• _Raw data_
= Beginning of Section =

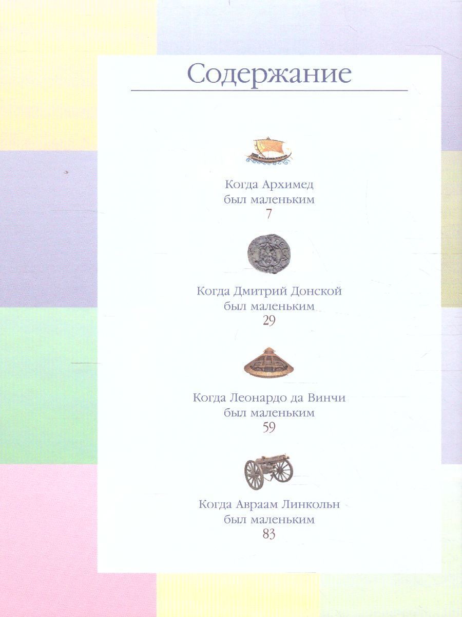 Эта авторская серия Валерия Воскобойникова представляет собой уникальное собрание биографий самых известных людей планеты. Четвертая книга рассказывает о том, какими в детстве были Архимед и Дмитрий Донской, Леонардо да Винчи и Авраам Линкольн, Генрих Шлиман и Павел Третьяков, Чарли Чаплин и маршал Жуков. О детстве других выдающихся личностей читайте в следующих книгах. Издание предназначено для детей среднего школьного возраста.Характеристики
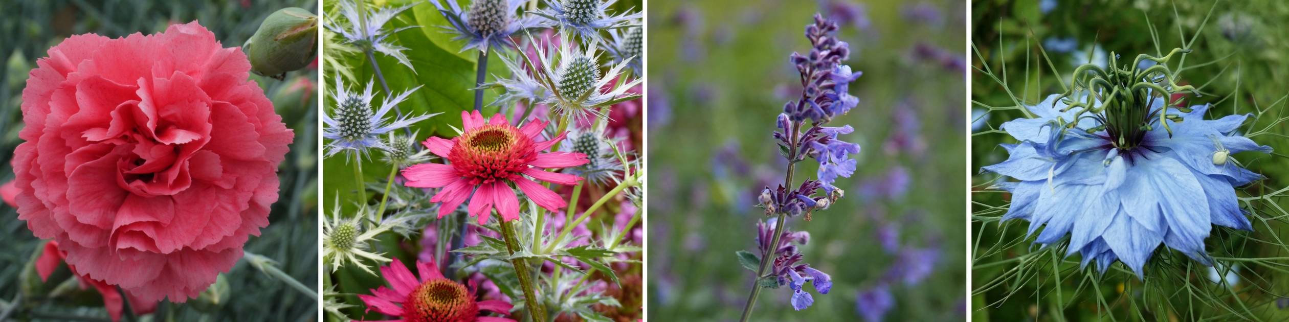 En massif, plantez les œillets en groupe, au premier plan, avec des Sedum, des Achillées et des Echinacées, pour réaliser de belles masses de couleur. Entourés d’Ancolies, d’Asters, de Campanules, de Nepetas, de Scabieuses, Coreopsis, Gaillardes naines, Cléomes, Nigelles, ils composeront des scènes d’aspect sauvage et hautes en couleur.
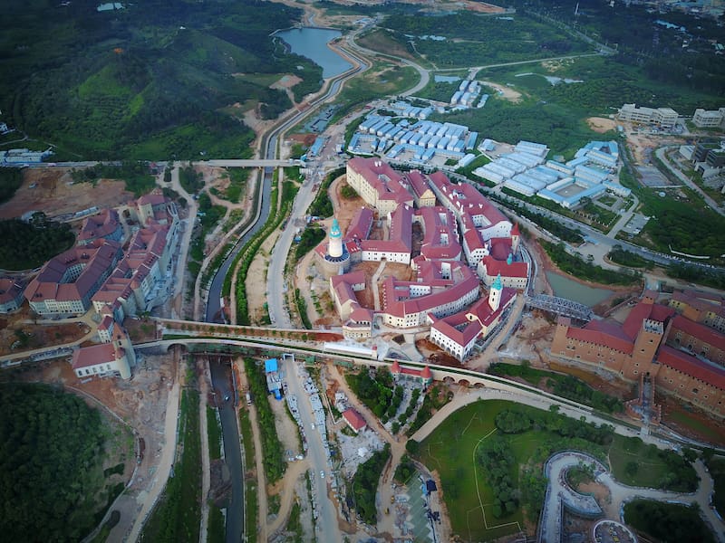 La construcción del campus representó una inversión de US$1.5 billones y cuenta con certificación LEED, lo que garantiza que sus instalaciones son sostenibles y respetuosas con el medio ambiente. El levantamiento del espacio tardó tres años y está dividido en doce zonas, cada una inspirada en una ciudad europea y recrean París, Verona, Burgundy, Luxemburgo, Oxford, Brujas, Bolonia, Granada, Windermere, Heidelberg, Friburgo y Český Krumlov. Todas ofrecen un entorno de trabajo único y estimulante para los más de 25.000 empleados que trabajan en los 108 edificios que lo conforman.

= End of Section =

• _What to do_
Everything in the data except the pictures must appear in your answer unchanged.

• _Written answer_
 Эта авторская серия Валерия Воскобойникова представляет собой уникальное собрание биографий самых известных людей планеты. Четвертая книга рассказывает о том, какими в детстве были Архимед и Дмитрий Донской, Леонардо да Винчи и Авраам Линкольн, Генрих Шлиман и Павел Третьяков, Чарли Чаплин и маршал Жуков. О детстве других выдающихся личностей читайте в следующих книгах. Издание предназначено для детей среднего школьного возраста.Характеристики
 En massif, plantez les œillets en groupe, au premier plan, avec des Sedum, des Achillées et des Echinacées, pour réaliser de belles masses de couleur. Entourés d’Ancolies, d’Asters, de Campanules, de Nepetas, de Scabieuses, Coreopsis, Gaillardes naines, Cléomes, Nigelles, ils composeront des scènes d’aspect sauvage et hautes en couleur.
 La construcción del campus representó una inversión de US$1.5 billones y cuenta con certificación LEED, lo que garantiza que sus instalaciones son sostenibles y respetuosas con el medio ambiente. El levantamiento del espacio tardó tres años y está dividido en doce zonas, cada una inspirada en una ciudad europea y recrean París, Verona, Burgundy, Luxemburgo, Oxford, Brujas, Bolonia, Granada, Windermere, Heidelberg, Friburgo y Český Krumlov. Todas ofrecen un entorno de trabajo único y estimulante para los más de 25.000 empleados que trabajan en los 108 edificios que lo conforman.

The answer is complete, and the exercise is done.